Zihinsel çiğnememiz geceleri bizi uyutmaz çünkü uykuya dalmadan önce bir sorunu çözmek isteriz. Uyku, aslında biliş için yararlı bir yer olabilir. Biraz zihinsel bir durulama döngüsüne benziyor: gereksiz düşünceleri ve anılarımızı ve bize en çok görünen şeyleri unutuyoruz. Gerçekliğin ve mantığın sınırlarının kalktığı hayallerimiz, yeni bir perspektif ortaya çıkarmaya yardımcı olabilir. Pek çok parlak beyin, rüya görürken yenilikçi çözümler keşfetti.

Vücuda Geri Dön

Beden ve zihin göründükleri kadar neredeyse ayrı değildir. Beynimiz ve sinir sistemimiz sürekli iletişim halindedir ve yemek yemiş veya egzersiz yapmış olsak da ruh halimizi büyük ölçüde değiştirebilir. Sinir sistemindeki korku ve kaygı, aslında net düşünme yeteneğimizi durdurabilir.

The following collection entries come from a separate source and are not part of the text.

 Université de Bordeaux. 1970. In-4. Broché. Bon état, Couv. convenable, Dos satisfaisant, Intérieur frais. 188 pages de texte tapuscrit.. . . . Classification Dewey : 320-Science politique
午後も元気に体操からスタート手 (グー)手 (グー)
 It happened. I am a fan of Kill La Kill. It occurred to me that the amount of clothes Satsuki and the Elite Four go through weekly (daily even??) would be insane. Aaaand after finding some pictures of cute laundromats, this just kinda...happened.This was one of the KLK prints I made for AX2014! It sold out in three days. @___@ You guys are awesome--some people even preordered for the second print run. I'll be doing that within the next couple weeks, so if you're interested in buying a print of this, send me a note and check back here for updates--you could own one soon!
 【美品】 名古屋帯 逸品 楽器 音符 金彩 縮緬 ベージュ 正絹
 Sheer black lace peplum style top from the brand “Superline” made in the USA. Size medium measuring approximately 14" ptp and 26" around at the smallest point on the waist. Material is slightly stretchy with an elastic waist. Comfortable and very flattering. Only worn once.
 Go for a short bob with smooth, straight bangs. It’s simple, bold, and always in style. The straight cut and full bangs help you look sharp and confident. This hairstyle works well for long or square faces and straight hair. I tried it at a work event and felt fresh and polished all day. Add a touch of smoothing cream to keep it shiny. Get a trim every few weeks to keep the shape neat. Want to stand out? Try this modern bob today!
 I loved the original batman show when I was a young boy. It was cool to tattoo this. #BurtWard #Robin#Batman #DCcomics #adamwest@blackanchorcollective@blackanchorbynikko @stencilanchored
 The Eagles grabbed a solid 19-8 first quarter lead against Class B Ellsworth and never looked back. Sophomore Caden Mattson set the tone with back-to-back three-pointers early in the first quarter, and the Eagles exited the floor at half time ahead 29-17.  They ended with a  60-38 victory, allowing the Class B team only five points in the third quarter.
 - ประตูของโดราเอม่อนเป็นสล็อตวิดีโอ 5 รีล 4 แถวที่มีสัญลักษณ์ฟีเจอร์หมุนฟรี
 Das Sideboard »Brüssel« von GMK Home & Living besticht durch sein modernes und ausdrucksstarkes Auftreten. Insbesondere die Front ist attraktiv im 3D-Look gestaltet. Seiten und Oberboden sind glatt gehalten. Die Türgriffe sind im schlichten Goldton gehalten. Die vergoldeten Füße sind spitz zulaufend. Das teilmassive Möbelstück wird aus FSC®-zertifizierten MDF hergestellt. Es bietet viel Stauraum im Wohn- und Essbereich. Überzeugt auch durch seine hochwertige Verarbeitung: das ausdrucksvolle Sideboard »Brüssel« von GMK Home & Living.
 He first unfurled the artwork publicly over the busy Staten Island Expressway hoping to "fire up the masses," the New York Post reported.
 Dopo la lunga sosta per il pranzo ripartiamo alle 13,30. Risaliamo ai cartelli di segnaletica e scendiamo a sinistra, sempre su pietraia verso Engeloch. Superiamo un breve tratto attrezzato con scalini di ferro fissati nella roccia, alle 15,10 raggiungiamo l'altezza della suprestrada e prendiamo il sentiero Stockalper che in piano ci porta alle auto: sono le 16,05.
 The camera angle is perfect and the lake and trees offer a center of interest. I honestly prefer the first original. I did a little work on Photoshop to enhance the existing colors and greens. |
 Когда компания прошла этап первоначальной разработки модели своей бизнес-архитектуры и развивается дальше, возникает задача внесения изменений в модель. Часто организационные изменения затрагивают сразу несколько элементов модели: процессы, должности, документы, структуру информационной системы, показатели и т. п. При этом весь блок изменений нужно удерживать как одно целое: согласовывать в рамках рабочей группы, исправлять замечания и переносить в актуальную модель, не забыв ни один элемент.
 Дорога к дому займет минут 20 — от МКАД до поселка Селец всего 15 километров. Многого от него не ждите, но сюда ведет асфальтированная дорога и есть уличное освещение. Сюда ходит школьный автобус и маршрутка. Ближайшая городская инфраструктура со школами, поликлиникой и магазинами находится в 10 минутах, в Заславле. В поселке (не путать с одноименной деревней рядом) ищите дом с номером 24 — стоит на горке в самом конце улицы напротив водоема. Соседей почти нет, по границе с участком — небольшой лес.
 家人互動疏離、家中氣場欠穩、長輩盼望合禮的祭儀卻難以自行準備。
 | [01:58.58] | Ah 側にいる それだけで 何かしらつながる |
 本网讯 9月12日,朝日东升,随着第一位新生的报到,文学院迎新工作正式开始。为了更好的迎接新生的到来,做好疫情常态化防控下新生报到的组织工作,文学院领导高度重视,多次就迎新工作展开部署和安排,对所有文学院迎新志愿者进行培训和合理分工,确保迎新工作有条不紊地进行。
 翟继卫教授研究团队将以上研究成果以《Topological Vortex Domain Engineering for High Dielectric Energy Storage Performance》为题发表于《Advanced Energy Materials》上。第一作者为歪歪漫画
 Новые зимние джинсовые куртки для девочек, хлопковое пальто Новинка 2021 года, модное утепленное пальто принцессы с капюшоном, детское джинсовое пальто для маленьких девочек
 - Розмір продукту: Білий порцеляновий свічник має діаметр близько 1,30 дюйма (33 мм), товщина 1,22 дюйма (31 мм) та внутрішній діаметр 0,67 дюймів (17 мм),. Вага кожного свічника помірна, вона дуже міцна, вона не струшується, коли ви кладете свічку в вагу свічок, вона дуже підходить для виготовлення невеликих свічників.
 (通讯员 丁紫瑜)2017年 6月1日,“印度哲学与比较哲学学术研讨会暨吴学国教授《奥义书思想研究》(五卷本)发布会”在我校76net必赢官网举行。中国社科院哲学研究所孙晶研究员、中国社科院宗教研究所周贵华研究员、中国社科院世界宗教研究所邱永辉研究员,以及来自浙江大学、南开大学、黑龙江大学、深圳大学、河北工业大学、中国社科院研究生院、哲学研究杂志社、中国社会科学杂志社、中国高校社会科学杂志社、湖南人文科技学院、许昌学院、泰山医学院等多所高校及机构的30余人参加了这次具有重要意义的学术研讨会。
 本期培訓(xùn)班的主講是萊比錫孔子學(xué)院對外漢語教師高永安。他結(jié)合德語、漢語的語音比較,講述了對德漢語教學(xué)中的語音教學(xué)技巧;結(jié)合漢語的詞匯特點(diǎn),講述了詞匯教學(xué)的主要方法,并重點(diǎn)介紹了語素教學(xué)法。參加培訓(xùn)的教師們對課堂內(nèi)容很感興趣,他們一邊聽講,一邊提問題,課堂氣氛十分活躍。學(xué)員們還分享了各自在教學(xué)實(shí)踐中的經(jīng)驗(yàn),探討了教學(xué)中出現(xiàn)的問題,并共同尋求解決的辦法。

Yoga veya yürüyüşe çıkmak gibi sakinleştirici fiziksel uygulamalar sinir sistemini sıfırlayabilir ve mantıklı beyinlerimizi tekrar çevrimiçi duruma getirebilir.

Düşünmek kesinlikle önemlidir, ancak en iyi fiziksel, sosyal ve duygusal benliklerimizle ilişki içinde çalışır. Arada sırada kafamızdan çıkıp kendimizi bilmediğimiz her şeye alçaltmanın gerçek bir bilgeliği vardır.

Bu makale Spirituality & Health'in izniyle kullanılmıştır.